The respondent Department of Industrial Relations has filed a petition for a rehearing in which several contentions are stated at some length. Most of the points so made were at least suggested in the brief originally submitted to us and were considered by us before the decision was made, although some of them are not discussed in the opinion. A large part of this petition seems to be based on a misunderstanding of the language of our opinion, which has apparently led counsel to believe that we held the particular work in which Powell was engaged when he was hurt to be the personal business of Everett Isley. Following the example of the witnesses, we referred to the various acts of Everett Isley as being his acts, without specifically stating that they were done by him for Delsie L. Isley, but we fully understood that all of these acts were done by him as her agent, except in the single ease of the previous wrecking job to which he testified. We considered the case in the same aspect, except as to that one job, as if all the acts referred to had been done by Delsie L. Isley in person.

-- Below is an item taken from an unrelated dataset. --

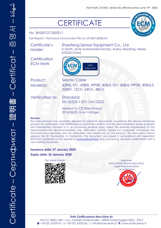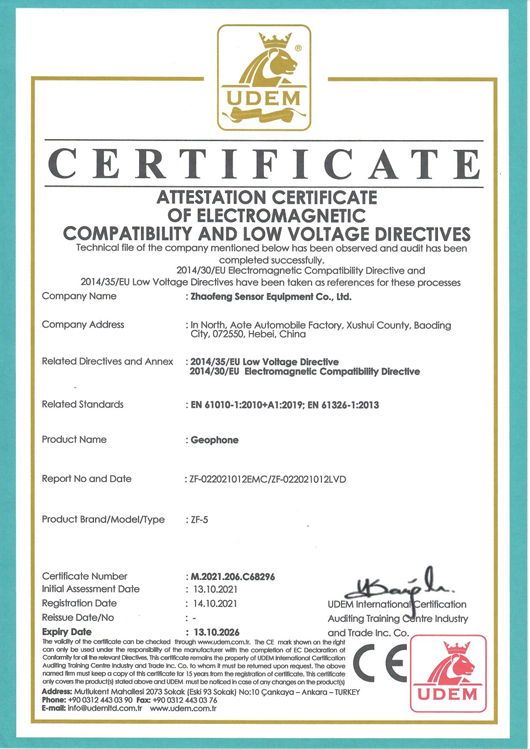Zhaofeng Sensor Equipment Co Ltd was founded in 2001, and has been committed to manufacturing high-quality geophones, seismic cables, and accessories for branded seismic instruments, supporting oil & gas, mineral, and geotechnical exploration activities. Since 2017, Zhaofeng has expanded its business scope by establishing a node design center and a vibrator factory, offering a full range of seismic survey equipment. Our products have been tested and verified in 65 countries since 2001, including Kazakhstan, Germany, Algeria, Russia, Indonesia, Pakistan, India, Brazil, and Mexico, with even broader adoption across numerous cities.

As to the casual nature of Powell’s employment, respondent complains that the opinion fails to distinguish between *583the employment and the work done under it. Perhaps the words “specific order” used in the opinion did not fully express our meaning; but we had the distinction referred to in mind and were of the opinion that the evidence showed a separate employment of Powell to work upon the barn, which was distinct from his employment to work in the trucking business.
Respondent also argues that this court was in error in its statement that Delsie It. Isley had no interest in the previous wrecking job done by Everett Isley. We have again carefully read the evidence quoted in support of this argument, but can find therein no reason for a different conclusion from that previously reached by us. However, even if we were wrong on that point, a single wrecking job done prior to the one in question would not be sufficient to show that Delsie L. Isley had engaged in the wrecking of buildings “with some degree of regularity,” and, hence, by the terms of the act, would not effect an extension of her business beyond its previous scope.
Respondent also claims that because the bam, having been paid for from the proceeds of Delsie L. Isley’s business, was her property, therefore any work done on it was incidental to and done in the course of that business. This is not the criterion established by the statute, and if it were adopted it would lead to extreme consequences. The testimony showed that all of the living expenses of the Isleys were paid out of the proceeds of this same business, and hence Delsie L. Isley was no doubt the owner of all food bought for their personal use; but if she had called Powell into her kitchen to peel potatoes for the family dinner and he had cut himself while so doing, it would hardly be contended that the cut was received by him in the course of her business, and if such contention were made it would receive scant attention. A number of cases are cited which hold that an employee may recover compensation for injuries received by him in doing work which, although not strictly within the scope of his particular employment, is done in the course of the employer’s business; but they are clearly not applicable here where the work was within the scope of Powell’s special employment, but was not done within the course of the employer’s business.
*584Another contention is that because the wrecking of the barn was done in order to put its materials into a haulable condition, such wrecking was incidental to the business of hauling. Several eases are cited where it was held that work which appeared to be somewhat out of the line of the employer’s business was nevertheless done in the course of that business. But in all of them it appeared that the work was done at the employer’s place of business and was to some extent connected with and arose out of his business operations. No case is cited which is at all similar in its facts to that now before us. This contention would lead to the conclusion that the business of every common carrier includes as an incident the manufacturing of the commodities hauled by such carrier, although such manufacturing had never been engaged in before the occasion which gave rise to the question.
Respondent also refers to the presumption declared by section 8, subdivision (b), of the act, and claims that this evidence on which a finding that Powell was an employee subject to the act may be based, even in the face of evidence showing the facts to be otherwise. The decisions are in conflict on the question whether a presumption may thus be used to support a finding; but under either rule the presumption referred to is of no avail to respondent. On this subject the act provides: “Any person rendering service for another, other than as an independent contractor, or as expressly excluded herein, is presumed to be an employee within the meaning of this act.” Hence when it appears, as it does in this case, that the person rendering service is expressly excluded by the act from its scope, there is no presumption as to him.
Respondent also claims that the court has exceeded its powers by weighing the evidence. If by weighing the evidence is meant its examination for the purpose of determining which of two or more conflicting statements or inferences from the evidence should be accepted as the basis for a finding, we agree that this court has no power to perform that function in this ease. But it does have power to examine the evidence for the purpose of ascertaining whether, on any reasonable view that may be taken of it, accepting only the statements and inferences most favorable to the findings in case of conflict or uncertainty, it will *585support the findings of .the Industrial Accident Commission as to jurisdictional facts essential to its award, and to set the award aside if no such support for it is found. We think we have gone no further in this case.
A rehearing is denied.
A petition by respondent to have the cause heard in the supreme court, after judgment in the district court of appeal, was denied by the supreme court on July 2, 1928.